:: Directions ::
Your output must be the lines below from the line containing "De aanleg van" to the line containing "Para celebrar el", both lines included, reproduced exactly and without pictures.

************

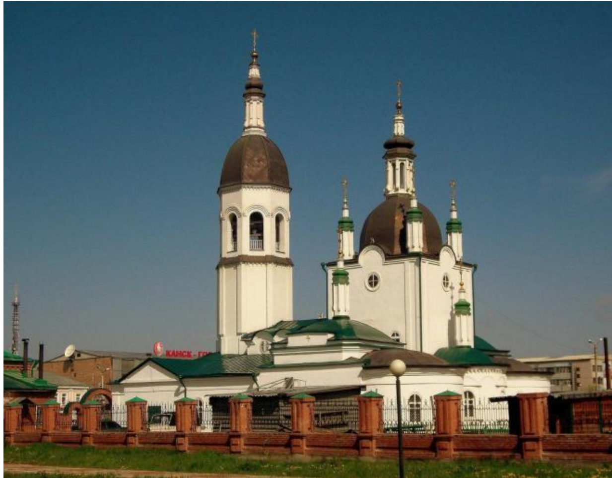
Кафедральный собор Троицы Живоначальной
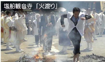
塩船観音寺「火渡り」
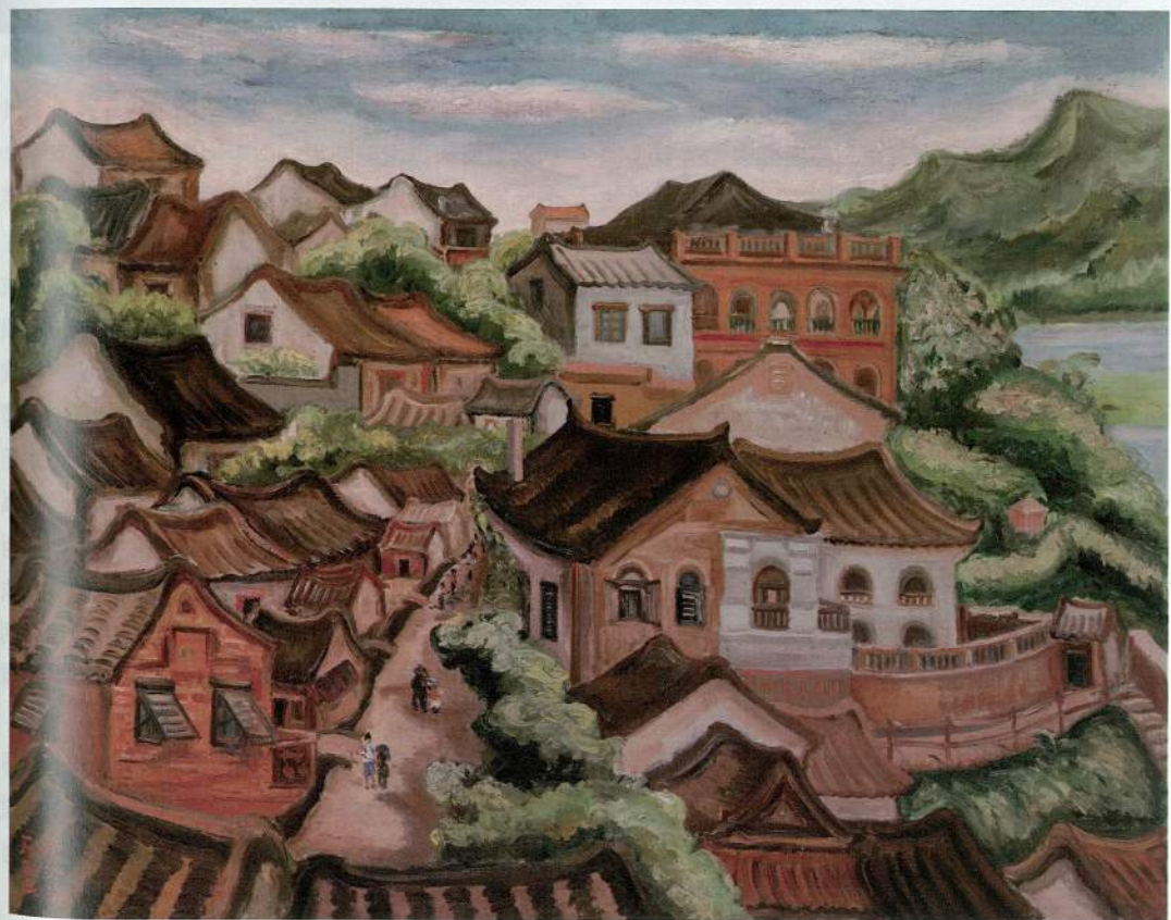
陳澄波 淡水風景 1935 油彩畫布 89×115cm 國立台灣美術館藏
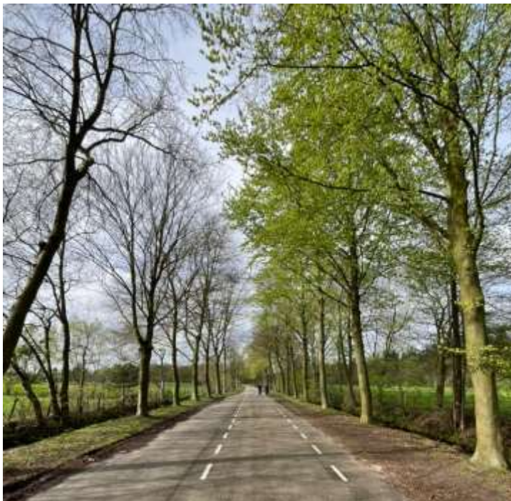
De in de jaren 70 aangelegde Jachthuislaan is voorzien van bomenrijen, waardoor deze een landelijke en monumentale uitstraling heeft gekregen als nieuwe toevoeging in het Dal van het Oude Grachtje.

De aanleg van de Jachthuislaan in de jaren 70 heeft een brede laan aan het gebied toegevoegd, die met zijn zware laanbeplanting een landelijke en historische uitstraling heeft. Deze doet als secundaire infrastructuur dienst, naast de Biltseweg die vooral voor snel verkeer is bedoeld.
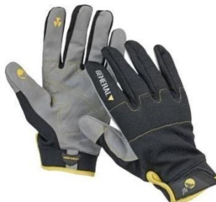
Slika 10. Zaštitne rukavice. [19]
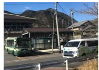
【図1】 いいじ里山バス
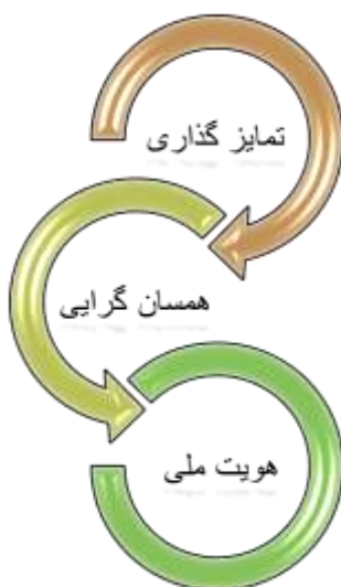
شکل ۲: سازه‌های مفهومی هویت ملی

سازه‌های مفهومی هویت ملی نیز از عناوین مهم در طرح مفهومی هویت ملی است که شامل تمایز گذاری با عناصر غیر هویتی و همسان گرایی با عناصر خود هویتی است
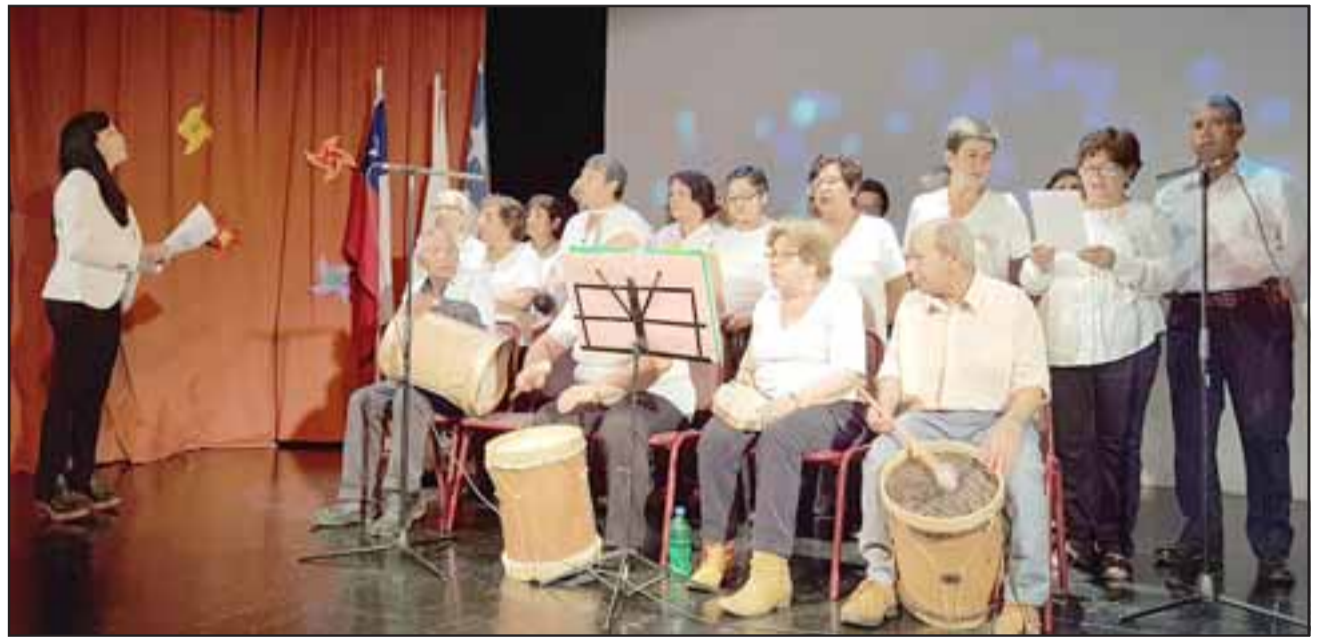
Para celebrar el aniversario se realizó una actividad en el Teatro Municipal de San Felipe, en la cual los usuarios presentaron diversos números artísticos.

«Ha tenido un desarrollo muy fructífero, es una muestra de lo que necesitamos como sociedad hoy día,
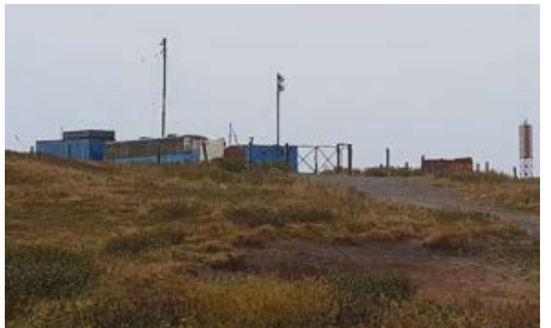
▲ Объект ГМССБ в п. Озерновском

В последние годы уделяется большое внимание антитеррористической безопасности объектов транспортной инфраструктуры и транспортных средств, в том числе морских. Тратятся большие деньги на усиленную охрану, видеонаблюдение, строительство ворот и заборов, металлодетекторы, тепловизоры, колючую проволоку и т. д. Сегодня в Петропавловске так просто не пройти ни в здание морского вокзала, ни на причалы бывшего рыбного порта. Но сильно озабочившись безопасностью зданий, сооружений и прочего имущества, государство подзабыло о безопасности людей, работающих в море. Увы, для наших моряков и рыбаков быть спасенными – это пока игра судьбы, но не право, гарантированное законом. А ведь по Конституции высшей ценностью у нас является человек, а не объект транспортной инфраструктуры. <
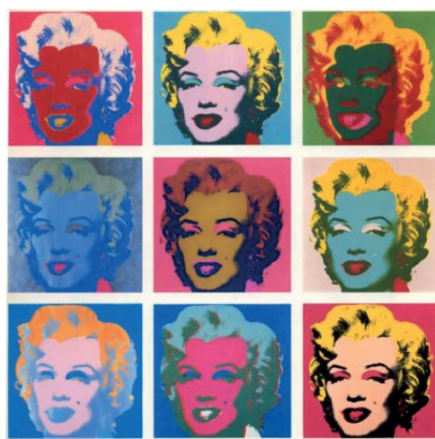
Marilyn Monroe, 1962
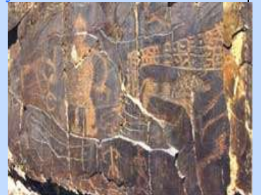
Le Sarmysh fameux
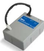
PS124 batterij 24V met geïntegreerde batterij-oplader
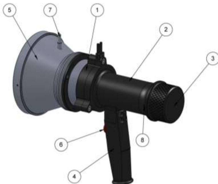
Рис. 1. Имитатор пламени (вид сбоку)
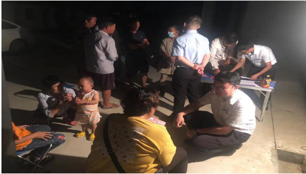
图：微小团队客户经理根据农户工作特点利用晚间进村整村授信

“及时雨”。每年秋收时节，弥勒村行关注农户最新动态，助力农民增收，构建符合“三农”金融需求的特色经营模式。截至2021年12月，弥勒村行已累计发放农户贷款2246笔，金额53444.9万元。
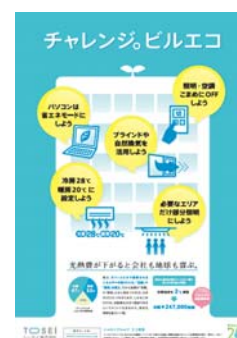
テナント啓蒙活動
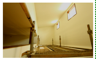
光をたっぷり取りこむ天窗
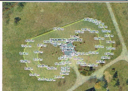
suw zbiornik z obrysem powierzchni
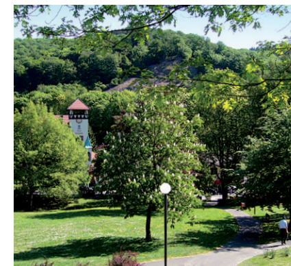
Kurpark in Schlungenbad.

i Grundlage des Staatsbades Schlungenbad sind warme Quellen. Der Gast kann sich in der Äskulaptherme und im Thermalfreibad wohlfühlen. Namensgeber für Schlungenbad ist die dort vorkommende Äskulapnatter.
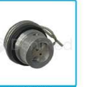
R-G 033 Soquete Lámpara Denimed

************

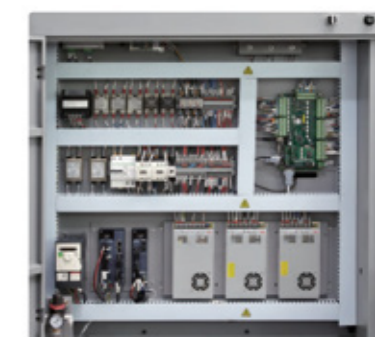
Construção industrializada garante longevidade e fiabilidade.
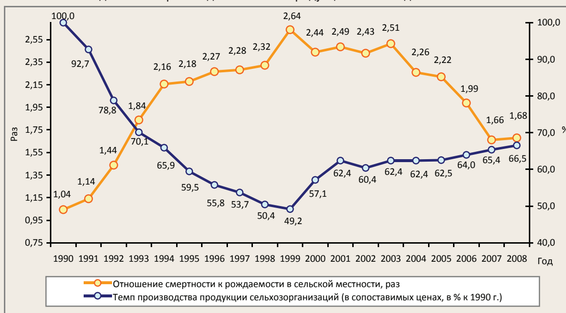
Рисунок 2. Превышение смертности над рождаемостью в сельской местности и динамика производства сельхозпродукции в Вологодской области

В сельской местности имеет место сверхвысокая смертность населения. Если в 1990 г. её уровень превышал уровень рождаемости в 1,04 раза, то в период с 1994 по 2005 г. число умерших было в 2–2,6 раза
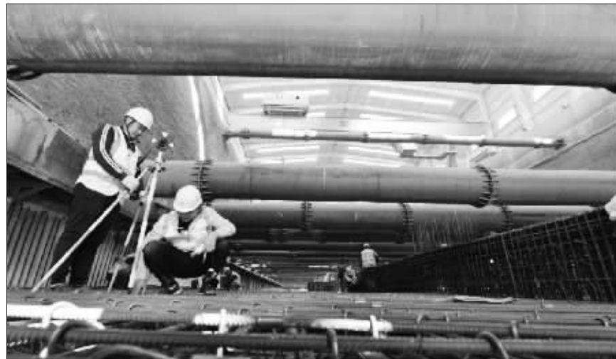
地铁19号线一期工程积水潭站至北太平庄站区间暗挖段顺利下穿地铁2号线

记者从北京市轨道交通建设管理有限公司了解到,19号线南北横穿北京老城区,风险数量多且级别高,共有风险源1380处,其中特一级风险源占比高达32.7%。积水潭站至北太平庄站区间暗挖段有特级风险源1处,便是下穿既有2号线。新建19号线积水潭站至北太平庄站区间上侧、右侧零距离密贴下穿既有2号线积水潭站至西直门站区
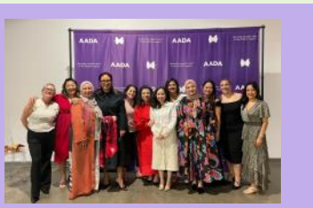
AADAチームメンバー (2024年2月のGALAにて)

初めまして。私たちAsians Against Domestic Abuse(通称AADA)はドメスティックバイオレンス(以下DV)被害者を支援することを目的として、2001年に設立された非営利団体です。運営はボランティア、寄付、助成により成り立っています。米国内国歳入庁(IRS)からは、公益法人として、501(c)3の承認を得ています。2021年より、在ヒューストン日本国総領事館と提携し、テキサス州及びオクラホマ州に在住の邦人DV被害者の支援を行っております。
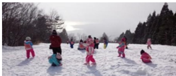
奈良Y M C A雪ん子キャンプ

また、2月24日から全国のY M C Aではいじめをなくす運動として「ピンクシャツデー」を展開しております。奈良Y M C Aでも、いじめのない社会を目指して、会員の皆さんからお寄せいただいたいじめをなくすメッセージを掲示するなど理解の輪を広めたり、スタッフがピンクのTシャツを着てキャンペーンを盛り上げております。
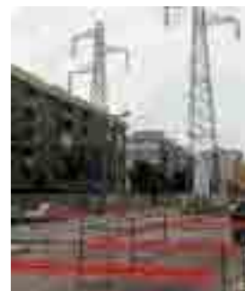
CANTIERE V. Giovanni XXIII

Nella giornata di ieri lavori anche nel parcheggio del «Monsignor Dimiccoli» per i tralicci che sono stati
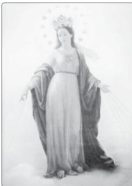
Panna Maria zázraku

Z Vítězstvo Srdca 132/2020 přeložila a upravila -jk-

************

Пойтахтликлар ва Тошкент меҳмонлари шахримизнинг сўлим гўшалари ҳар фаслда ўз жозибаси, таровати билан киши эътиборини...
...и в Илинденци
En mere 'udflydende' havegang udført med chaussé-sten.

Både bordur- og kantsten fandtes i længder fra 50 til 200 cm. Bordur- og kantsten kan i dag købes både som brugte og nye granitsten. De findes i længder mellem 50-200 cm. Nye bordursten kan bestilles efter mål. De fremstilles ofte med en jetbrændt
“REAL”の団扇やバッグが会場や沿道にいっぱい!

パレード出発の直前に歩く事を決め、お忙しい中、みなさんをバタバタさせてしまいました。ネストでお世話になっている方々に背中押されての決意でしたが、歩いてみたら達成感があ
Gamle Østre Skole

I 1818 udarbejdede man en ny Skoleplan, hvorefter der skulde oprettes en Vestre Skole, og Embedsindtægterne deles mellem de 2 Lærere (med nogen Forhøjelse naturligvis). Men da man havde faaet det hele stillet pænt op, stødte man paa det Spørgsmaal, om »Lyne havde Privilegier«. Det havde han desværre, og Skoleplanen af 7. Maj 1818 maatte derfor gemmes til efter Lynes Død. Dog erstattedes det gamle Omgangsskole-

************

:: Answer for the task ::
De aanleg van de Jachthuislaan in de jaren 70 heeft een brede laan aan het gebied toegevoegd, die met zijn zware laanbeplanting een landelijke en historische uitstraling heeft. Deze doet als secundaire infrastructuur dienst, naast de Biltseweg die vooral voor snel verkeer is bedoeld.
Slika 10. Zaštitne rukavice. [19]
【図1】 いいじ里山バス
شکل ۲: سازه‌های مفهومی هویت ملی

سازه‌های مفهومی هویت ملی نیز از عناوین مهم در طرح مفهومی هویت ملی است که شامل تمایز گذاری با عناصر غیر هویتی و همسان گرایی با عناصر خود هویتی است
Para celebrar el aniversario se realizó una actividad en el Teatro Municipal de San Felipe, en la cual los usuarios presentaron diversos números artísticos.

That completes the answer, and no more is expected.